This is one of those cases where I have trouble loving a place for what it is, instead of what it was.
Mulligan’s is a nice bar. Too many TV’s-7-but aside from that it’s fairly comfy. Dark wood, a nice long rail to sit at, the kind of bar where you can come and hang out and it even smells tasty.
I’m with a friend who has a purse she crafted a bit herself, decorating it with a Duran Druan 45. The waitress (who’s wearing a Pierced Arrows T) took a look at it and squee’d with glee. It’s a good spot for people to hang out.
The lights keep dimming though and that is a little strange.
There’s a man yelling (in a friendly way) about how the physics work out-no I don’t know what the hell he’s talking about. And there’s a very, very inoffensive selection of classic rock being played-the Band, Joe Cocker, Supertramp, Steely Dan, Joe Walsh-Mulligan’s optimizes a broad based appeal to people. I’ve brought my Dad here for eats and he had a double cheeseburger that he thought was delicious.
But I can’t come here. I don’t blame the bar, this one is about me. That I have company makes this entirely bearable, truth be told.
When I moved to Portland, Mulligan’s was Biddy McGraws, an Irish pub owed by a mother-daughter team from Ireland and it was a little crazy. Bands played in the corner that a Soprano’s pinball machine resides now. Bathrooms that were too spacious but not large enough for people. Smoke everywhere, dense and slow in the air.
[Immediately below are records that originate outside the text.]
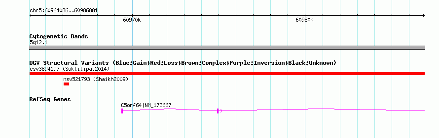 Variant DetailsVariant: essv25783796| Internal ID | 19167447 | | Landmark | | | Location Information | | | Cytoband | 5q12.1 | | Allele length | | Assembly | Allele length | | hg38 | 22796 | | hg19 | 22796 | | hg18 | 22796 |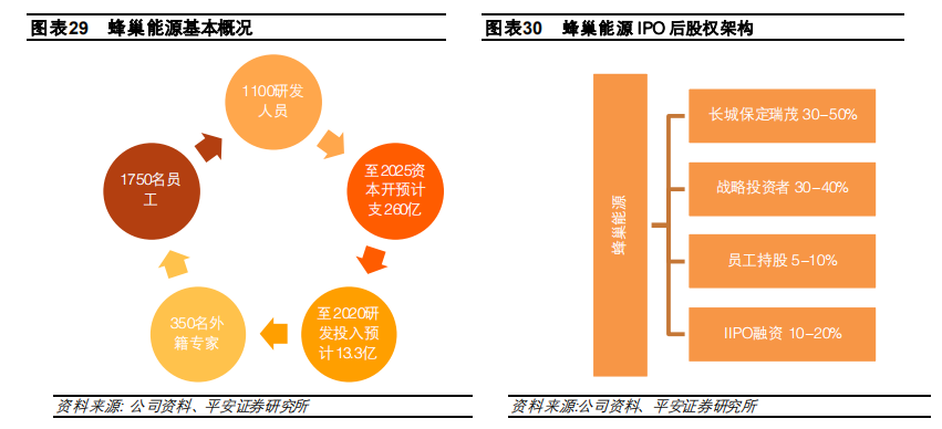 長城汽車于2012年成立動力電池項目組,2016年動力電池事業部成立,2018年蜂巢能源正式成立,從事動力電池核心材料、電芯、模組、PACK、BMS、儲能、太陽能的專業研發和制造,現有研發 人員 1100 人左右,研發費用 2016-2020 年 5 年投入約 30 億,到 2025 年,蜂巢將投入使用美國、京津冀、韓國、日本、上海、無錫和印度 7 大研發中心。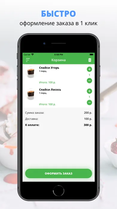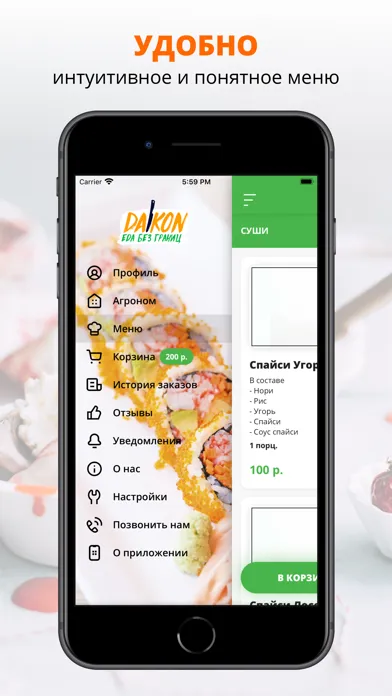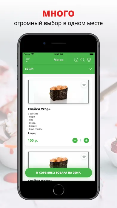 - Разнообразное меню роллов, суши, лапши WOK и напитков.

A random woman kissed me on New Years Eve here once, when I was single, wandering and lonely. The kind of gracious kiss with the energy that has everyone looking at you but you’re able to walk away from, thankful for a reprieve from the wailing in your heart.
I would write here and it was just understood that this was OK. Even though it was weird, it was the kind of bar that needed a writer. Sure, I’m scribbling nearly unreadable text on a yellow pad but nobody needed to read it. They just needed to know that someone was writing. Maybe it’s an Irish thing though I doubt it as pubs have been part of the writing tradition for a long, long time.
I danced here on another occasion, surprising a girlfriend who was certain I would never dance, ever. Bagpipes, fiddles and drums had me jumping around like the kind of idiot who has just enough beer to prove his girlfriend wrong.
And then there was Theresa in the crushed velvet dress. Who was lovely, crazy and beautiful and would knock on my door at 3 a.m., whisper in my addled ear things that hotwired my brain until 5, and then she’d disappear…or crash until it was time to go for Thai food.
That place is gone, the music isn’t live anymore, the girl lost to the adventures of time. I like Mulligan’s but I can’t come here without missing, just a little bit, a part of my life gone by. Even Deschutes’ Obsidian stout doesn’t soothe the pain of an Irish bar with Guinness…though I have to say, I like Deschutes better.